温知和心烦意乱,把手机狠狠摁在枕头上,起身下了床。光着脚,到了书桌前,打开台灯。暖色调的灯光在夜色里染出一片小天地,她坐在这里面,从带锁的抽屉里翻出了一个日记本。
承载物名为“日记本”,里面的内容却并非严格意义上的“日记”,有时几个月写一次,有时一天写几次,全凭心情,有感而发。
其中有相当多的篇幅与那个戴着红耳钉的青年有关。
眼下情形,她把这些陈年记录翻出来,并不是为了沉湎往事或寻找某种思绪。而是在试图抄作业。
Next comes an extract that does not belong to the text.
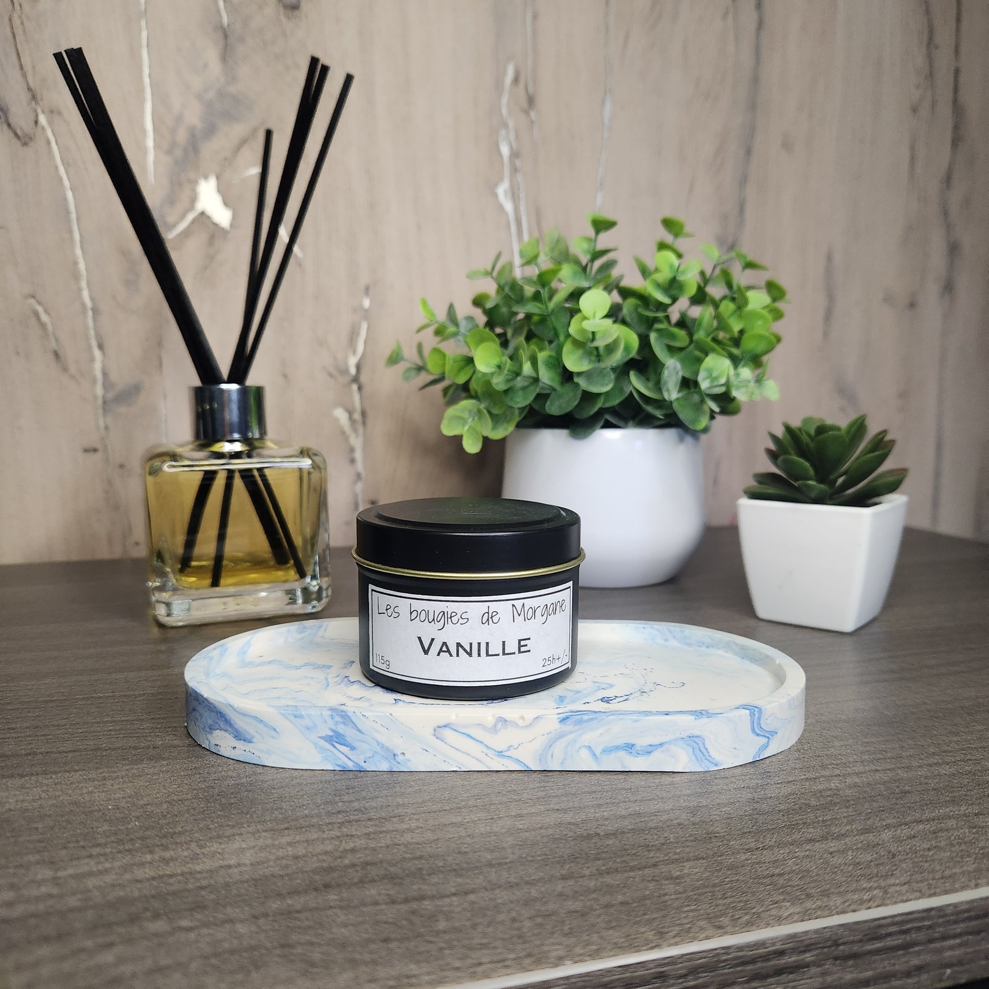 Ingrédients: Cire de soja 100% végétale, suivie de fragrance de Grasse, mèche en coton.
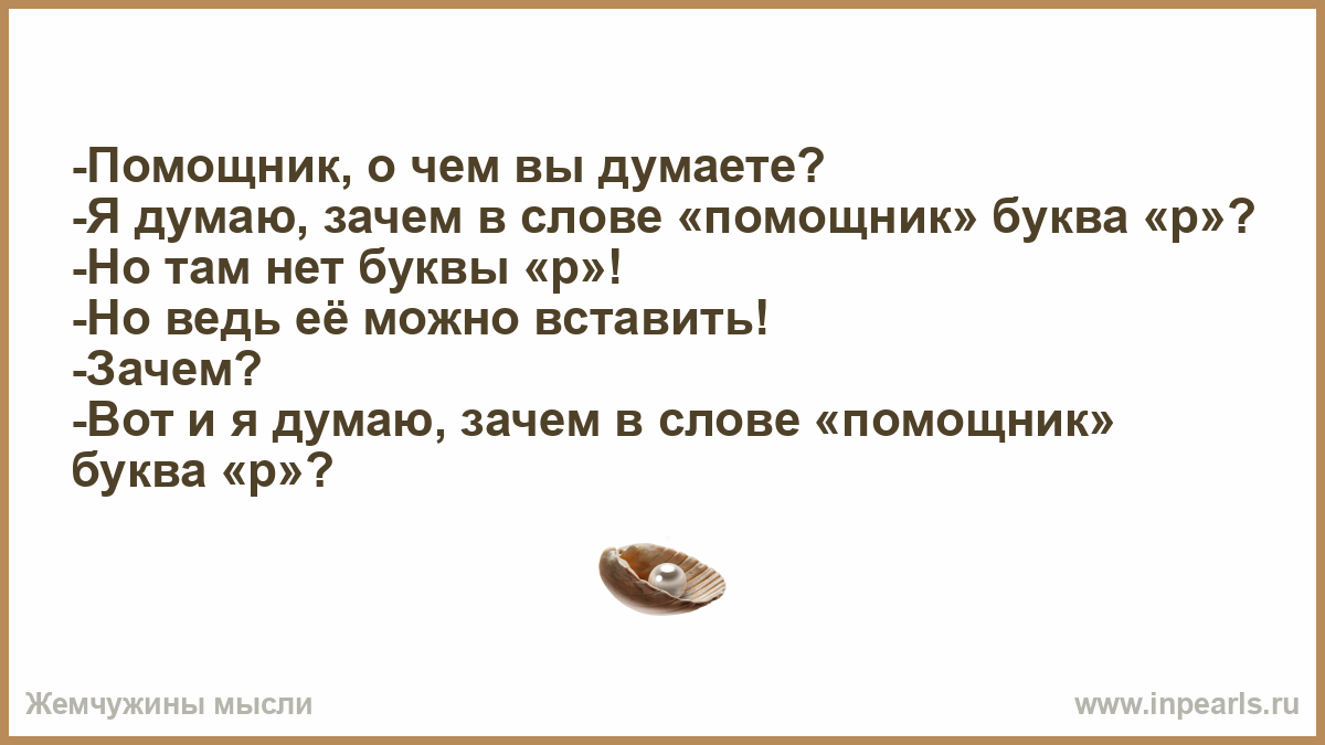 -Вот и я думаю, зачем в слове «помощник» буква «р»?

写了那麽多有关他的东西,总有一两个句子能挑出来救救急,当作开场白使用吧?再不济,也能做重整词藻的灵感库。
她很认真。
时不时看到几句好的,还拿出纸笔,仔仔细细地誊抄下来备用。
一页又一页翻过去。
抄下来的东西越来越多,时间也越来越晚。如此认真的架势,究竟是因为小小的日记本里可用的素材太多,看也看不完,还是心中忐忑,不过是在装模作样地拖延呢?
日记本翻完了。白纸上写满了。
她低头看着上面的字句,凝聚思绪,把它们当作一串串珠子,揣摩着该如何连出最漂亮简洁的图形。
前晚上没睡,今晚上也在熬,此时此刻,大脑竟异常清醒。
她终于有了思路。一段不长的丶若无其事的开场白渐渐成形。写下来,修改字句,在脑海中过了一遍丶一遍。
终于是拿定了主意。
温知和回到柔软的床铺里,拿起手机,正要输入,却蓦地发现约莫一个半小时前已经有一条消息发了出去。刺目的绿色文字框里塞得满满的。
【&……%银河进去了%#我们的生活……*&%#】
一团乱码,毫无意义。
……应该是下床前把手机往枕头上摁的时候误触了。
温知和愕然地关上手机,又蓦地把它重新打开。屏幕上亮亮的,早已撤不回的绿框框让她的心凉凉的。
捏碎手机能把这团令人社死的玩意一起带走吗?
她现在去找黑白无常申请注销这个地球ol账号还来得及吗?
或者在太阳升起之前能不能来个外星人摧毁一下世界?
“……”
温知和头皮发麻。
她硬着头皮在聊天框里输了一段解释的话,但又觉得多此一举,更加尴尬,一下子全删了。
大脑里一片混乱,时不时还浮现起刚才集日记本之大成,千辛万苦编出来的“完美开场白”,现在只觉得可恨。当她在台灯下勤奋思索的时候,趴在枕头上的手机里已然吐出了一个社死炸弹。她在桌前越是努力精进,字斟句酌,手机里的炸弹就越来越明晃晃。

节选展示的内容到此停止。